A LIFE-saving milestone was reached in Minehead this week as the town saw the activation of its 20th public access defibrillator.

Residents in the Staunton Road and Chestnut Way neighbourhood collaborated with Tesco’s Minehead store to install a defibrillator on the corner of Callins View.

The initiative was championed locally by residents Jennie Norris and Kat Cross.

Minehead Community Defib Group (MCDG) chairman Richard Newton said: “We are thrilled to see our community rallying together to ensure the safety and well-being of all residents.

“With 20 public access defibrillators now operational in Minehead, we are profoundly grateful to Jennie for her keen insight and determination, to Kat for graciously hosting the installation on her property, and to Tesco Minehead for their invaluable support.”
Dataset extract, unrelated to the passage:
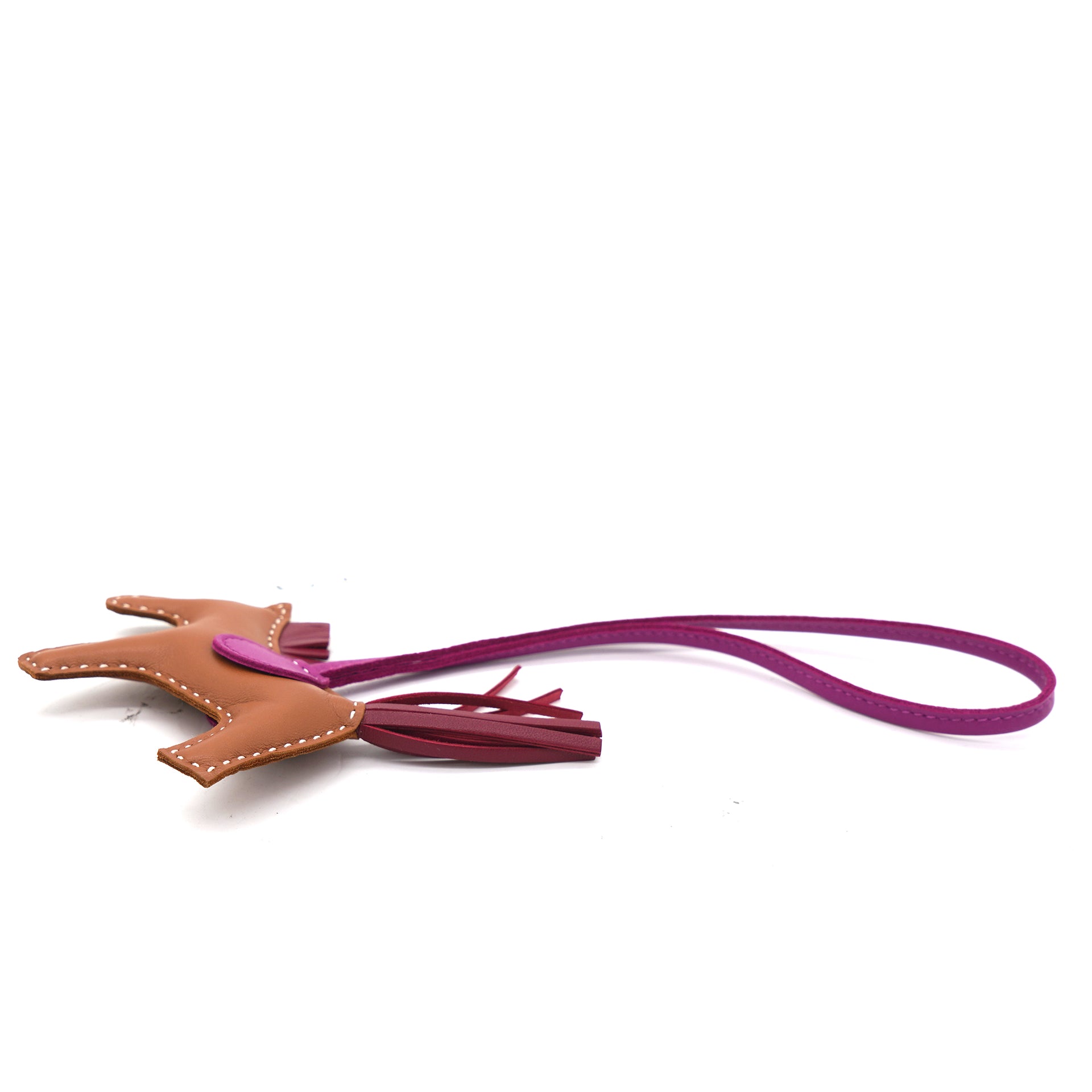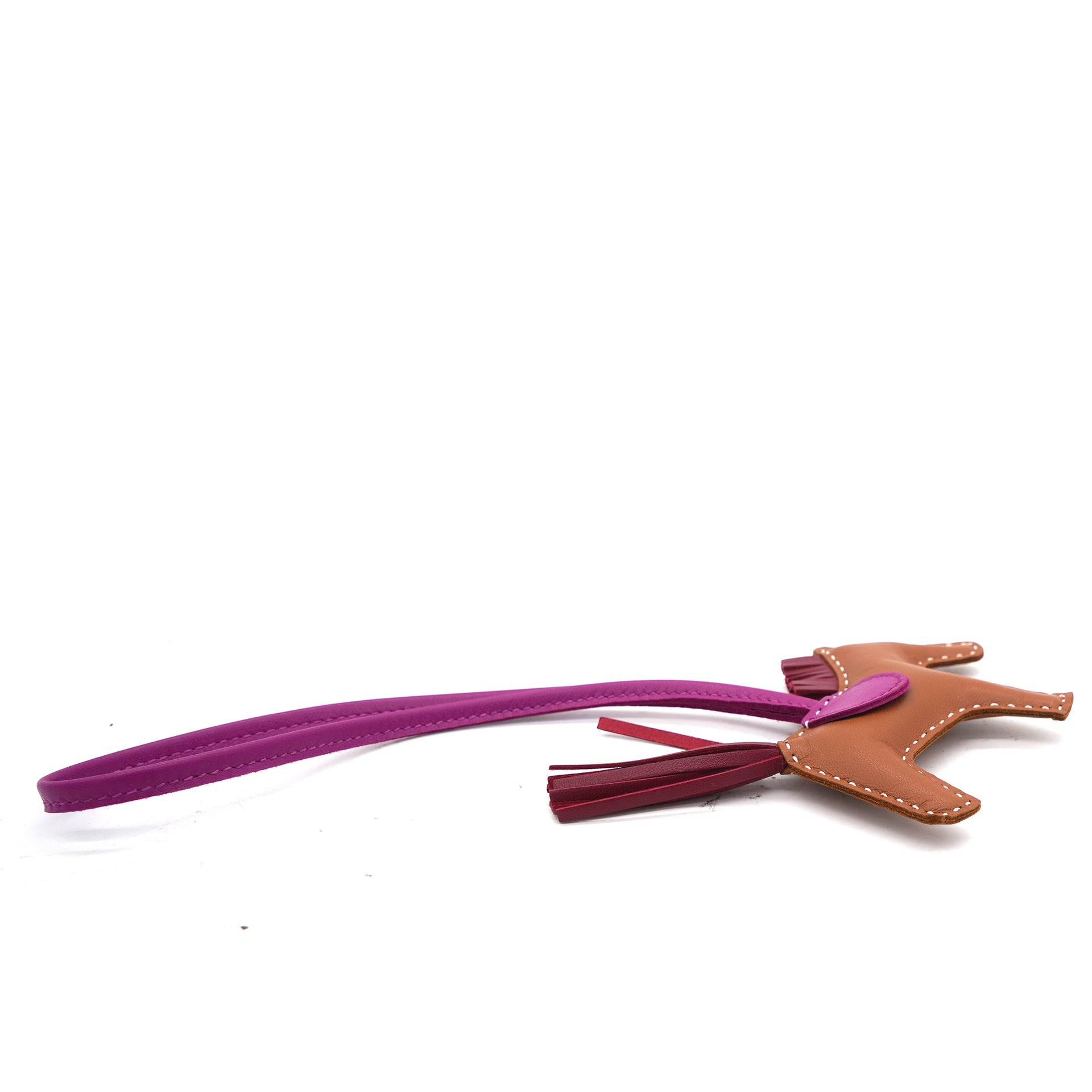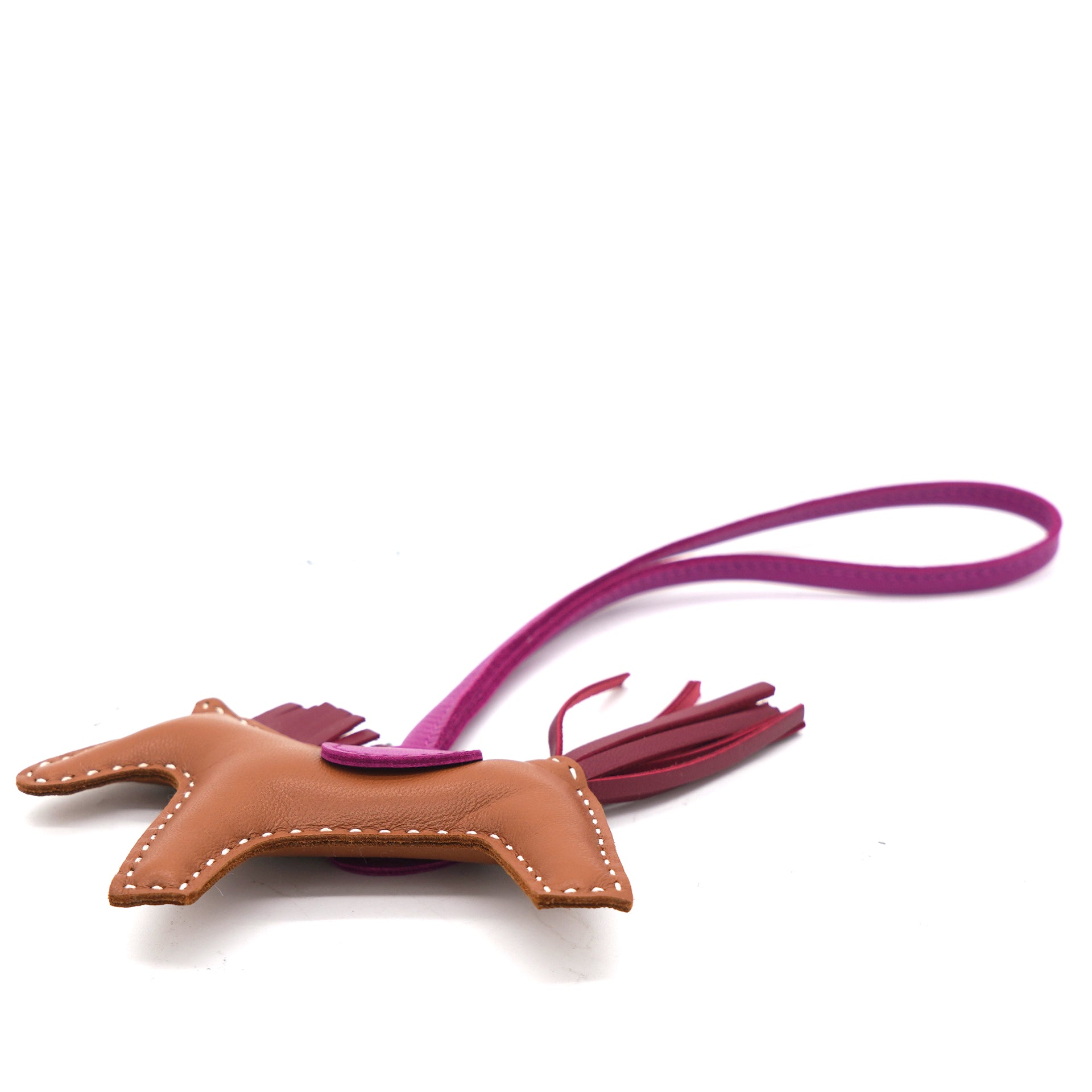 | Woah there! Take a second to admire this Hermès Rodeo PM bag charm. Decorated with a hanging tassel to resemble the horse's flowing tail, it's sure to catch an eye (or ten) swinging from your favourite bag. |

Funding for the latest defibrillator installation came from Tesco’s Blue Token Scheme, where customers in different branches vote to support local good causes, and was supplemented by contributions from residents through a dedicated online JustGiving fund-raising page.

Mr Newton said the initiative began with a concern by Ms Norris sparked by a free public training workshop organised by the charity last summer.

Her inquiry about the need for a defibrillator in the Staunton Road/Chestnut Way area prompted a neighbourhood effort to make it a reality.

Working with MCDG she spearheaded a fund-raising campaign, rallying neighbours to donate to the cause.

Mr Newton said the milestone underscored the power of community collaboration and highlighted the proactive spirit of residents in safeguarding lives and fostering a ‘resilient, caring community’.

MCDG is a charity with a board of trustees who, along with a small group of volunteers, raise funds to place life-saving public access defibrillators in Minehead.

It also offers free training workshops on basic life support skills and how to use a public access defibrillator.

Defibrillators typically cost up to £3,000 and send an electric shock when somebody is suffering a potentially abnormal heart rhythm to allow it to return to normal.

In a 999 call, an access code is given to allow a defibrillator to be unlocked and the machine will ‘talk’ the user through how to work it.